They've been talked about for a while by our bloggers and contributors but the moment has now come
for the Cayman LLC, which has been available for registration since
13 July and numerous of which have already been formed. The Cayman
LLC was introduced to meet the requirements of North American
managers and intermediaries who use Delaware LLCs and want a
flexible offshore version, and Cayman lawyers dealing regularly
with North American clients are particularly excited about now
being able to offer a "Cayman" version. Its introduction
also highlights Cayman's responsiveness to market demand as it
continues to maintain its position as the dominant brand in North
America for funds structures.
So what makes the Cayman LLC – or limited liability
company, to give it its full name – so interesting?
Well, Cayman's taken the best
bits of the popular limited partnership structure and the best bits
of a company and combined them into an LLC format which is closely
aligned to a Delaware LLC. This makes them both flexible and
familiar for onshore counsel looking to structure new investment
funds and private equity structures. We're also expecting them
to be popular for corporate transactions, including joint ventures,
special purpose vehicles and holding companies where the LLC
agreement can be tailored to suit the particular transaction.

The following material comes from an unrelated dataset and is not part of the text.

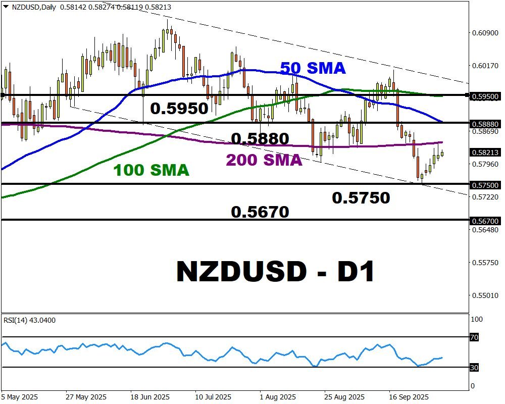 - Should the RBNZ move ahead with a hawkish rate cut, the NZDUSD may rebound toward 0.5888 and 0.5950.
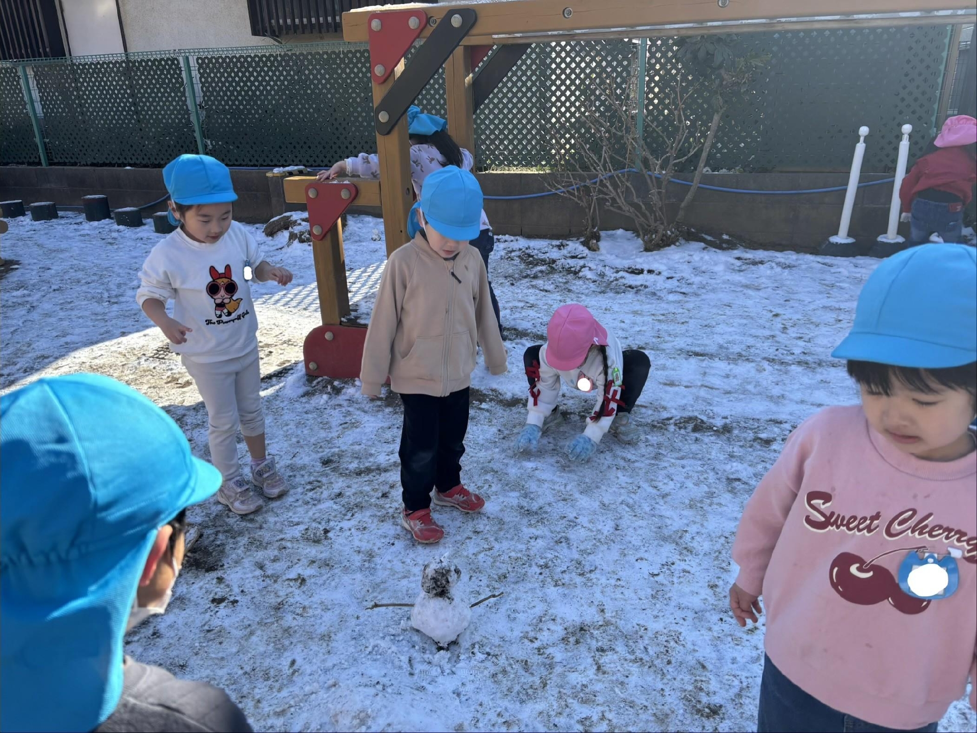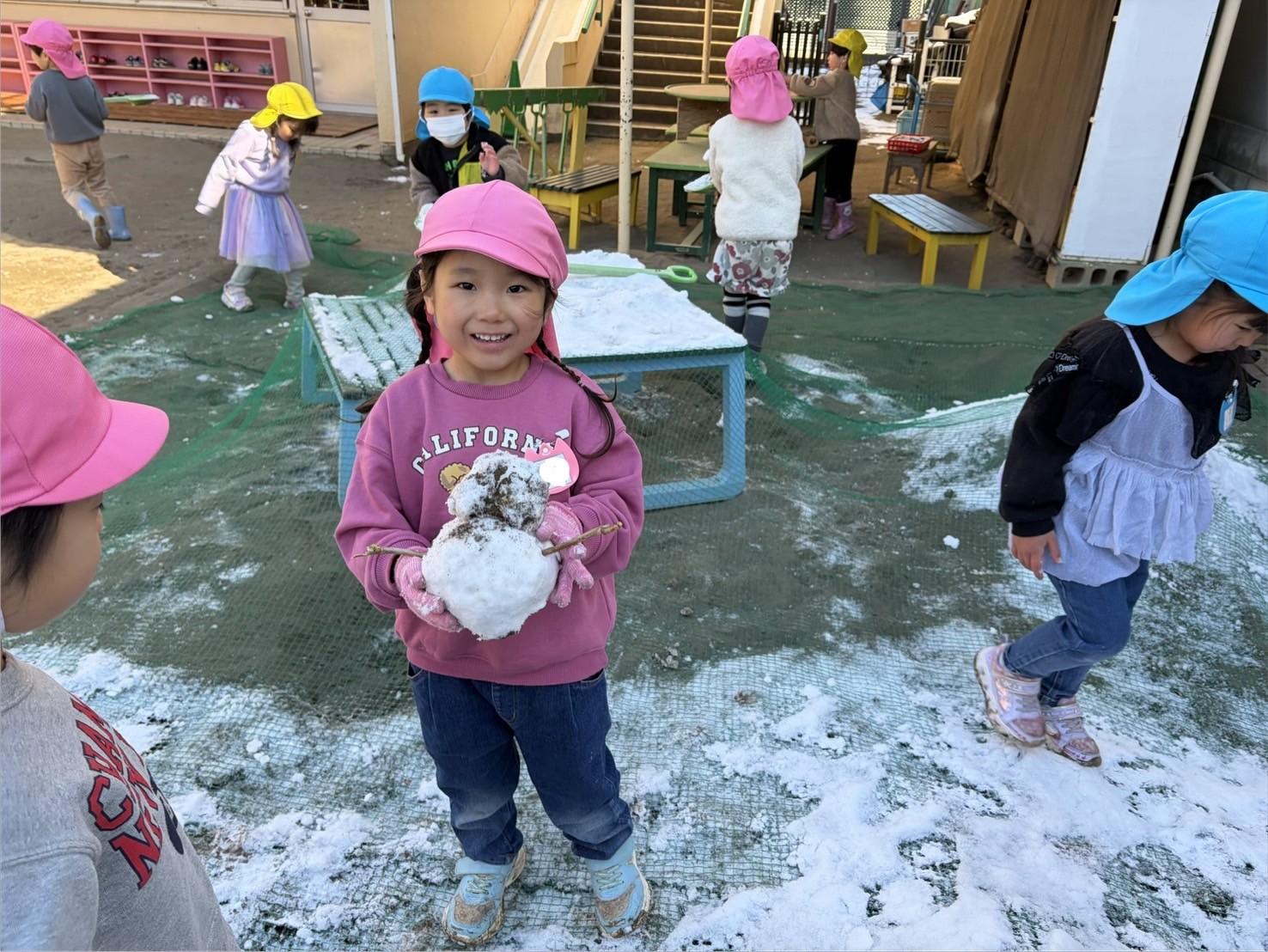 雪を丸めて雪の団子を作ったり、小さい雪だるまを作ったり…

It's pretty straightforward to set one up: with registration
is just a matter of paying a fee to and filing a registration
statement with the Registrar of LLCs in the Cayman Islands. An LLC
is a separate body corporate, can be formed for any legal purpose,
and must have at least one member at all times. There are no Cayman
residency requirements for either members or managers of LLCs, who
can be based anywhere in the world. The LLC needs a registered
office in Cayman, an LLC agreement governed by Cayman Islands law
(similar in form to a Delaware LLC agreement) and must maintain
certain statutory registers (of members, managers, security
interests and mortgages and charges) and records.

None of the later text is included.